The Responsible Wealth report, which surveyed 250 individuals with average assets of $3.5m residing in the US, Russia, Germany and the UK, found a mismatch between the attitudes of wealthy investors to their broad social responsibilities and the priorities of their financial advisers.
While ensuring “financial security” for flesh and blood is, unsurprisingly, the most important objective for wealthy individuals, the study also revealed that HNWIs regard engaging in activities that “give something back to society” on an almost-equal footing to their familial duties.
Environmental responsibility, ethical investment, engagement in civil society and charitable activity were all ranked highly in the survey. However, according to a poll of 60 UK-based lawyers and accountants conducted in November 2011, advisers often overestimate the importance to HNWIs of securing their families’ financial future and underestimate their desire to contribute to society.
“This paradox between self-interest and the interests of society presents a fundamental challenge for the traditional wealth management industry,” the study found.

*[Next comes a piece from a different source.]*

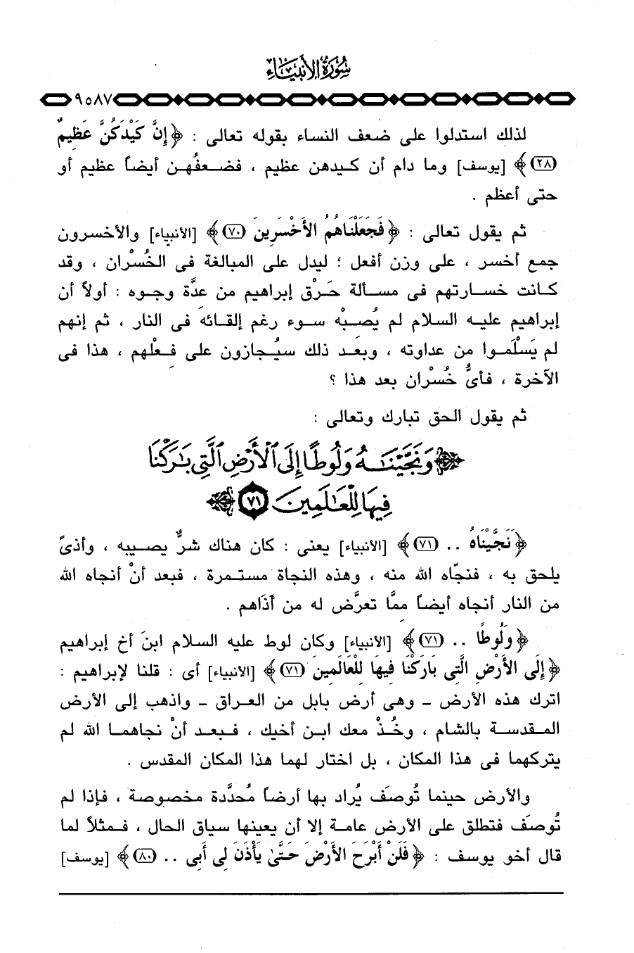 {وَلُوطاً ... } [الأنبياء: 71] وكان لوط عليه السلام ابنَ أخ إبراهيم {إِلَى الأرض التي بَارَكْنَا فِيهَا لِلْعَالَمِينَ} [الأنبياء: 71] أي: قلنا لإبراهيم: اترك هذه الأرض - وهي أرض بابل من العراق - واذهب إلى الأرض المقدسة بالشام، وخُذْ معك ابن أخيك، فبعد أنْ نجاهما الله لم يتركهما في هذا المكان، بل اختار لهما هذا المكان المقدس.

“[Advisers’] tendency is to tailor for the individual client and only engage with social responsibility from the perspective of the self and family first. And yet, not only do wealth creators put more emphasis on wider altruism than their traditional advisers acknowledge, their consideration for family and their fellow man extends much further than that.
“When asked what they would do to achieve their full potential as a wealth creator, it is in the realm of wider social engagement that they feel they have most room to grow.”
A copy of the report is available on the Kaiser Partner website.
Research for the study was conducted independently by Scorpio Partnership, a wealth management insight and business development firm.